### Required action
Since the listing below shows pictures, leave them out and write out exactly the lines from the line with "Scarf women's spring" to the line with "En schäslongsoffa är", both included, and no others.

### Extracted material
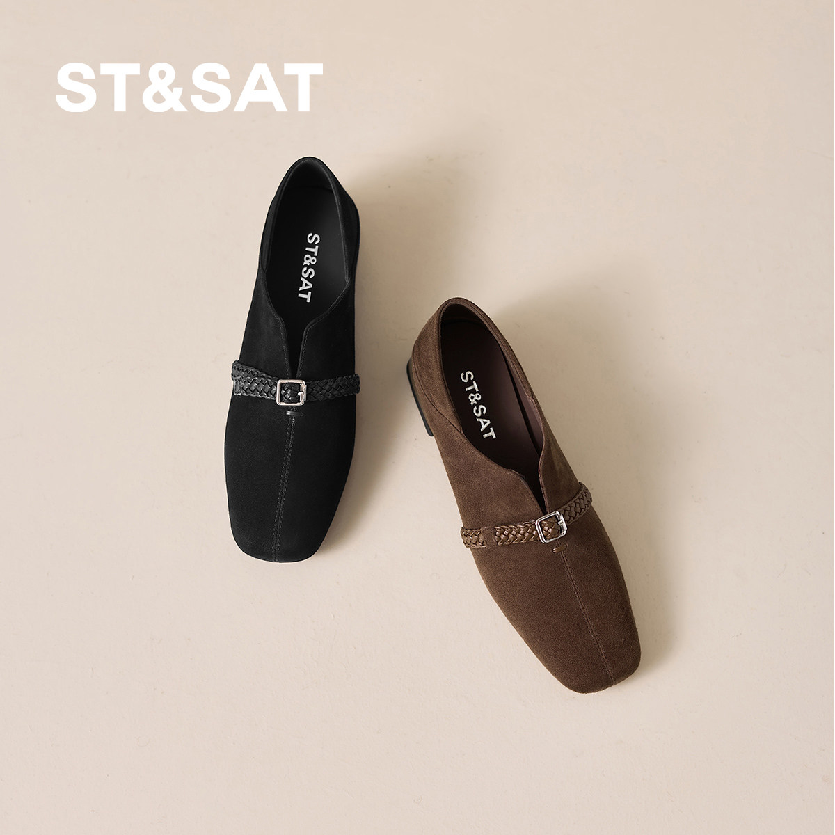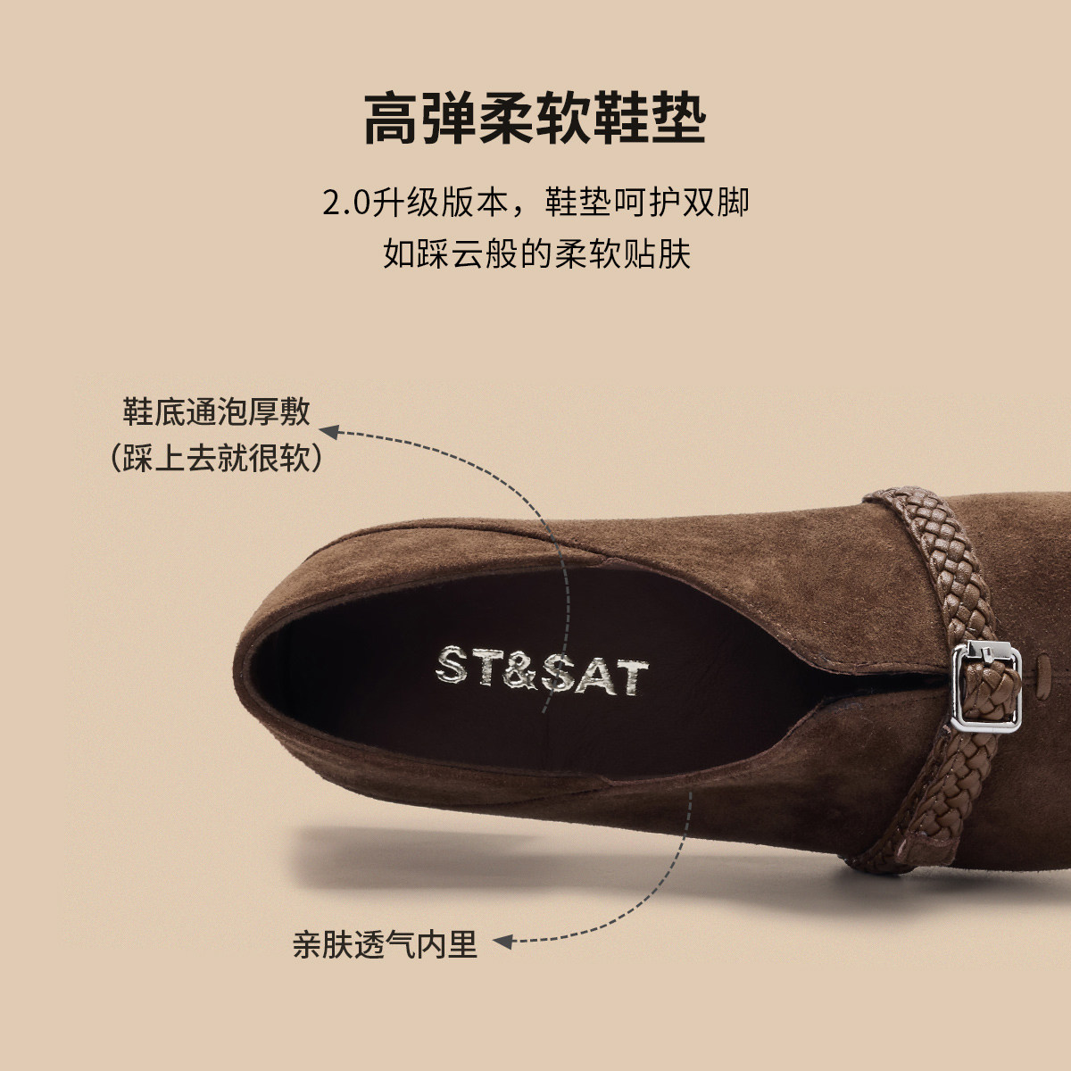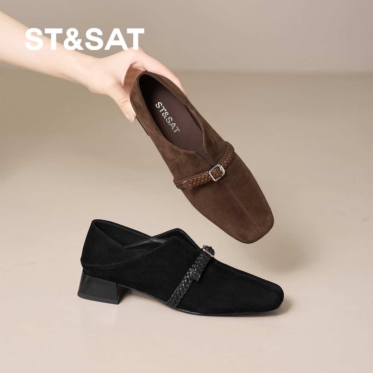 星期六2025新款复古方头深口单鞋女粗跟中跟一字带玛时尚通勤鞋
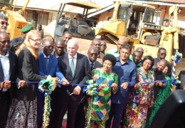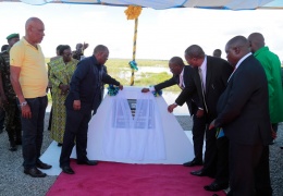Pichani juu mheshimiwa Rais John Magufuli akikata utepe pamoja na baadhi ya wafadhili na viongozi wengine, kuashiria kufunguliwa kwa ujenzi wa barabara ya Kidatu - Ifakara.
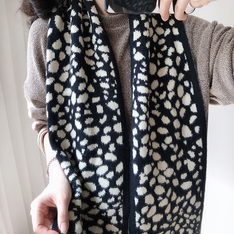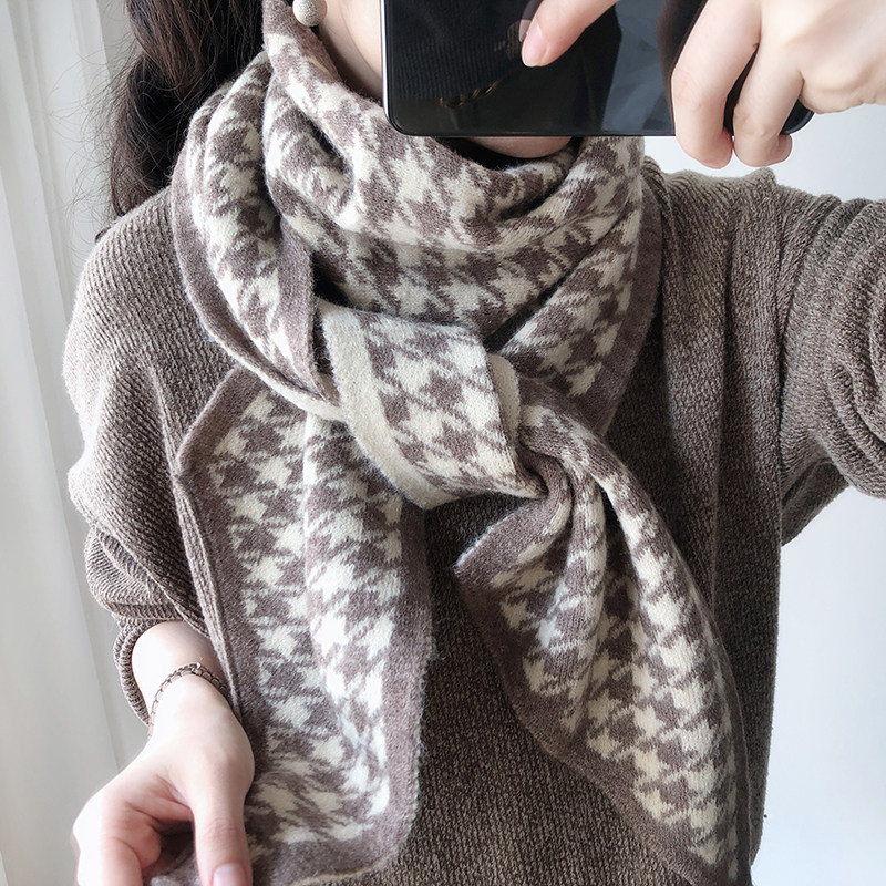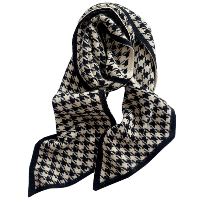 Scarf women's spring Korean version of wild mohair houndstooth wool yarn small scarf Autumn and winter tops narrow warm long neck
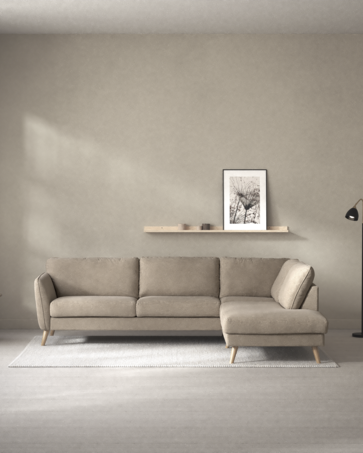 En schäslongsoffa är utrustad med ett armstöd vid schäslongdelen och ses ofta som en förlängning av sittplymån. Soffan erbjuder en bekväm plats där du kan koppla av och lägga upp fötterna. Armstödet på schäslongen ger stöd och definierar tydligt gränsen mellan sitt- och viloavdelningen. Schäslongsoffor är därför idealiska för dig som söker en avkopplande och komfortabel sittplats med tydlig separering av vilo- och sittytor.
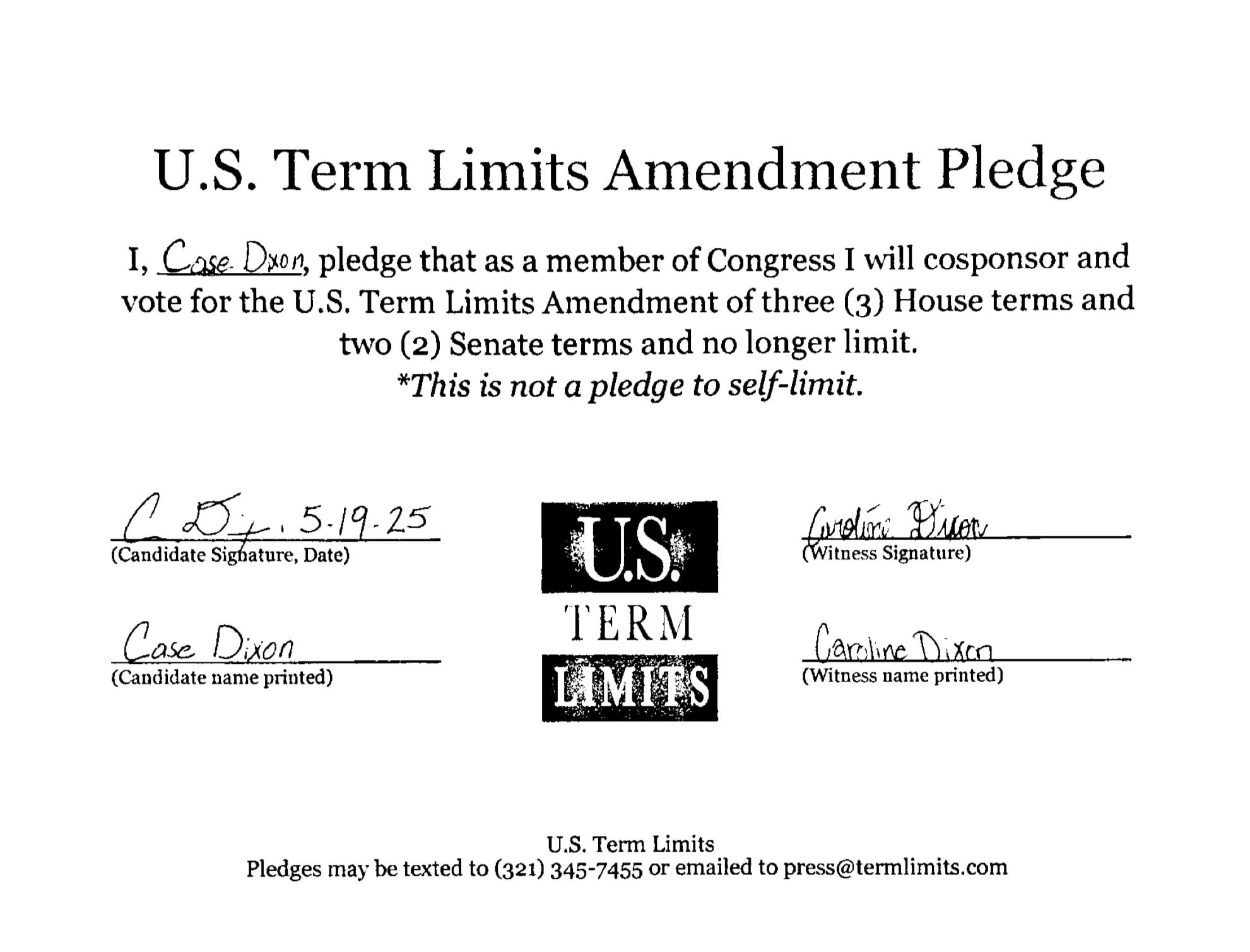 The U.S. Term Limits Amendment pledge commits Dixon to cosponsor and vote for legislation limiting House members to three terms and Senators to two. While the pledge is not a requirement to self-limit, Dixon went further, personally vowing to serve no more than four terms, or eight years, in the House if elected."

### Exercise solution
 Scarf women's spring Korean version of wild mohair houndstooth wool yarn small scarf Autumn and winter tops narrow warm long neck
 En schäslongsoffa är utrustad med ett armstöd vid schäslongdelen och ses ofta som en förlängning av sittplymån. Soffan erbjuder en bekväm plats där du kan koppla av och lägga upp fötterna. Armstödet på schäslongen ger stöd och definierar tydligt gränsen mellan sitt- och viloavdelningen. Schäslongsoffor är därför idealiska för dig som söker en avkopplande och komfortabel sittplats med tydlig separering av vilo- och sittytor.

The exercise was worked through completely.